I just do it to slow vertical growth. I dont want some monsters way taller than my fence


----------



## ROLLING12 (Apr 12, 2016)

That One Stoner Guy said:


> I just do it to slow vertical growth. I dont want some monsters way taller than my fence


then maybe you should start flowering sooner?
it all depends on your setup really bro...go with perpetual sog grow with an aeroponic system to shave even more time, you can put your clones in the flower room right after you cut them from the mom but after dipping the ends in hormone or something to stimulate root growth first...


----------



## That One Stoner Guy (Apr 12, 2016)

ROLLING12 said:


> then maybe you should start flowering sooner?
> it all depends on your setup really bro...go with perpetual sog grow with an aeroponic system to shave even more time, you can put your clones in the flower room right after you cut them from the mom but after dipping the ends in hormone or something to stimulate root growth first...


Outdoor grow brother. I dont have nosey neighbors, theyre pretty chill for the most part. Id love to have a little grow tent with a sog but thats not too doable with my budget


----------



## Bubblegum31 (Apr 15, 2016)

Sometimes I fim while I mean to top...

I always get 3 shoots however the one in the middle is always smaller and shorter so I cut it off!!!


----------



## ROLLING12 (Apr 20, 2016)

That One Stoner Guy said:


> Outdoor grow brother. I dont have nosey neighbors, theyre pretty chill for the most part. Id love to have a little grow tent with a sog but thats not too doable with my budget


oh cool, outdoor is a biatch in my opinion...if the budget is that bad, bro why not make your own tent with bashes that you'll just have to double stitch together, i guess... but that'll be busted, anyone who'll see it would suspect a grow i think! Really hope your neighbors aren't nosey! lol
Ok for outdoors, plant or transplant at the right time, top/fim the heck out of it until the start of the flowering season however.

You can knock several birds with one stone with the following rule:
Use FIM all the time, when you can, unless you need clones!
If you need clones, use the topping technique instead!


----------



## That One Stoner Guy (May 3, 2016)

ROLLING12 said:


> oh cool, outdoor is a biatch in my opinion...if the budget is that bad, bro why not make your own tent with bashes that you'll just have to double stitch together, i guess... but that'll be busted, anyone who'll see it would suspect a grow i think!

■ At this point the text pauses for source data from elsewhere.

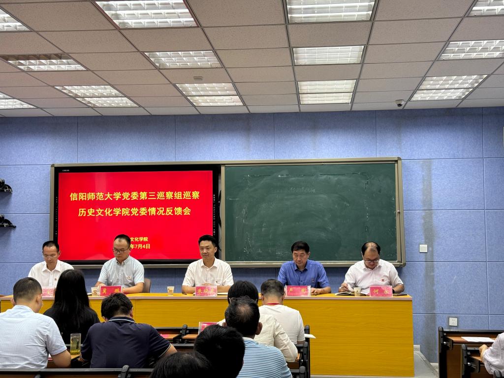 7月4日,校党委第三巡察组巡察beat365英国官方网站党委情况反馈会在人文楼706会议室召开。反馈会上,副校长朱晓东对巡察整改工作提出要求,第三巡察组组长严彬反馈了巡察情况。beat365英国官方网站党委书记何永就做好巡察整改工作作表态发言。第三巡察组全体成员、巡察办工作人员、学院领导班子成员、全体教职工、离退休教职工代表和学生代表参加会议。会议由院长叶宗宝主持。
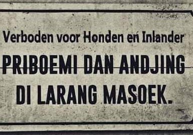 Verboden voor Honden en Inlanders' yang artinya 'Dilarang masuk untuk anjing dan orang pribumi' yang menyamakan orang Indonesia dengan." ujar Alghif.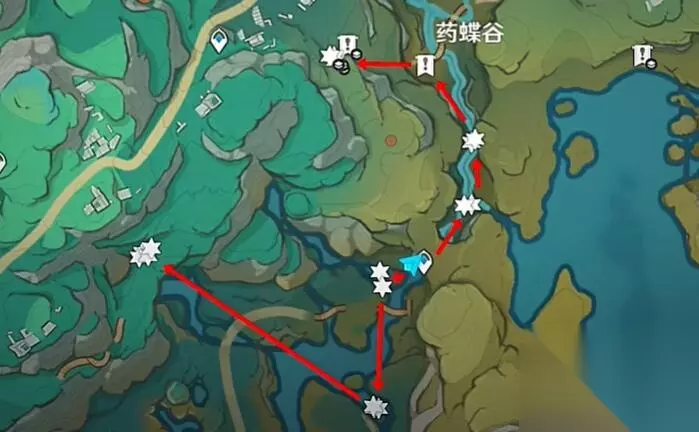 线路八 从药蝶谷锚点出发,敲击获得6个。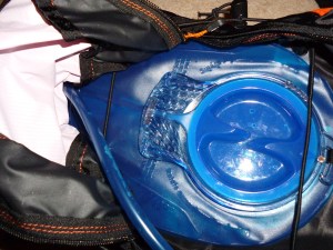 Apparently you can take up to eight water bottles on the pack, 2 in the mesh holders on the back, 2 in i-gamy holders on the shoulder straps and 2 in i-gamy holders on the waist straps (I still need to workout how the i-gamy fitst to the waist straps!!). The picture above shows how I am running the pack at the moment, with a 2 litre Camelbak and i-gamy, although i probably will get another i-gamy for the right shoulder to keep the balance level.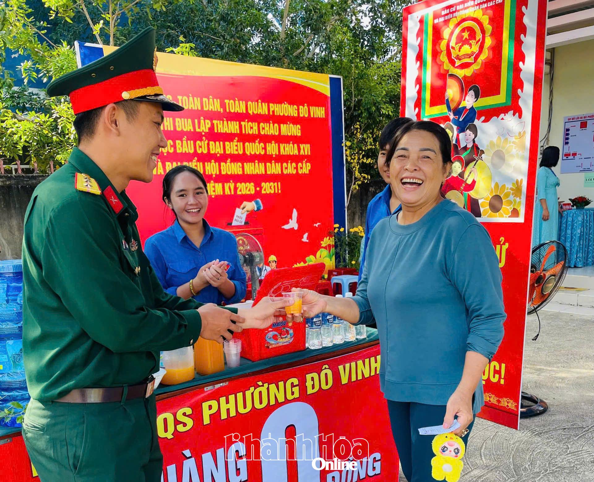 Tại các khu vực bỏ phiếu nói trên, các lực lượng của phường Đô Vinh đã phục vụ trái cây, bánh, nước miễn phí cho cử tri đi bầu cử. Hoạt động thiết thực, ý nghĩa này không chỉ tạo sự thân thiện, gần gũi, tiếp thêm năng lượng cho cử tri đến thực hiện quyền và nghĩa vụ công dân, mà còn tạo không khí vui tươi, phấn khởi, góp phần vào thành công chung của cuộc bầu cử đại biểu Quốc hội khóa XVI và đại biểu HĐND các cấp nhiệm kỳ 2026 - 2031.

Really hope your neighbors aren't nosey! lol
> Ok for outdoors, plant or transplant at the right time, top/fim the heck out of it until the start of the flowering season however.
> 
> You can knock several birds with one stone with the following rule:
> ...


All of my seeds are in veg and ive been topping like crazy. I have one in a 2 gallon pot and i think i took about 8 tops off her. Looking more like a bush than a weed plant, hopefully its female. I think im gonna stick it in the ground and see how she does

My clones on the other hand started flowering due to my lack of knowledge that the days arent long enough.. reveg is happening already, its gonna be interesting seeing new growth come put of these premature buds...


----------



## Canon (May 5, 2016)

When done correctly,, FIM & Topping are different tools for different desired results.


----------